For those looking for a quick definition, diplomacy can be defined as a process between actors (diplomats, usually representing a state) who exist within a system (international relations) and engage in private and public dialogue (diplomacy) to pursue their objectives in a peaceful manner.

Diplomacy is not foreign policy and must be distinguished from it. It may be helpful to perceive diplomacy as part of foreign policy. When a nation-state makes foreign policy it does so for its own national interests. And, these interests are shaped by a wide range of factors.
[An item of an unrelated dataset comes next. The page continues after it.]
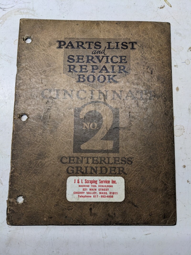Cincinnati Operator Service Manual Parts List Catalog #2 Centerless Grinder 1929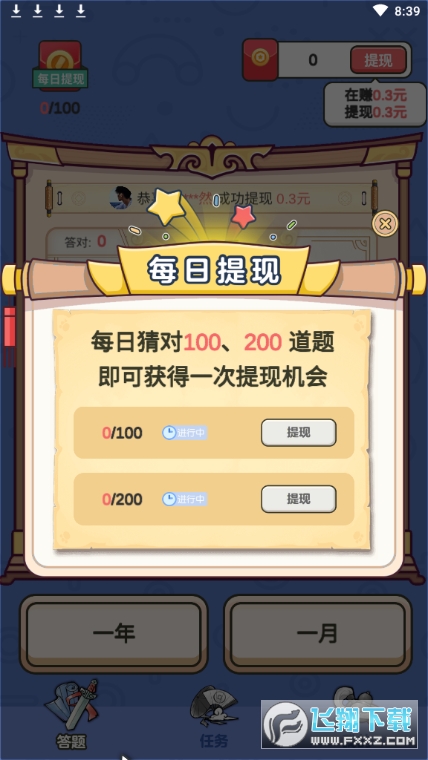 答题大富翁极速版,下载APP,答对5题。黑号提现时闪退,白号提现0.3元,秒到零钱!付款商户“欢橙科技”。

In basic terms, a state’s foreign policy has two key ingredients; its actions and its strategies for achieving its goals. The interaction one state has with another is considered the act of its foreign policy. This act typically takes place via interactions between government personnel through diplomacy. To interact without diplomacy would typically limit a state’s foreign policy actions to conflict (usually war, but also via economic sanctions) or espionage. In that sense, diplomacy is an essential tool required to operate successfully in today’s international system.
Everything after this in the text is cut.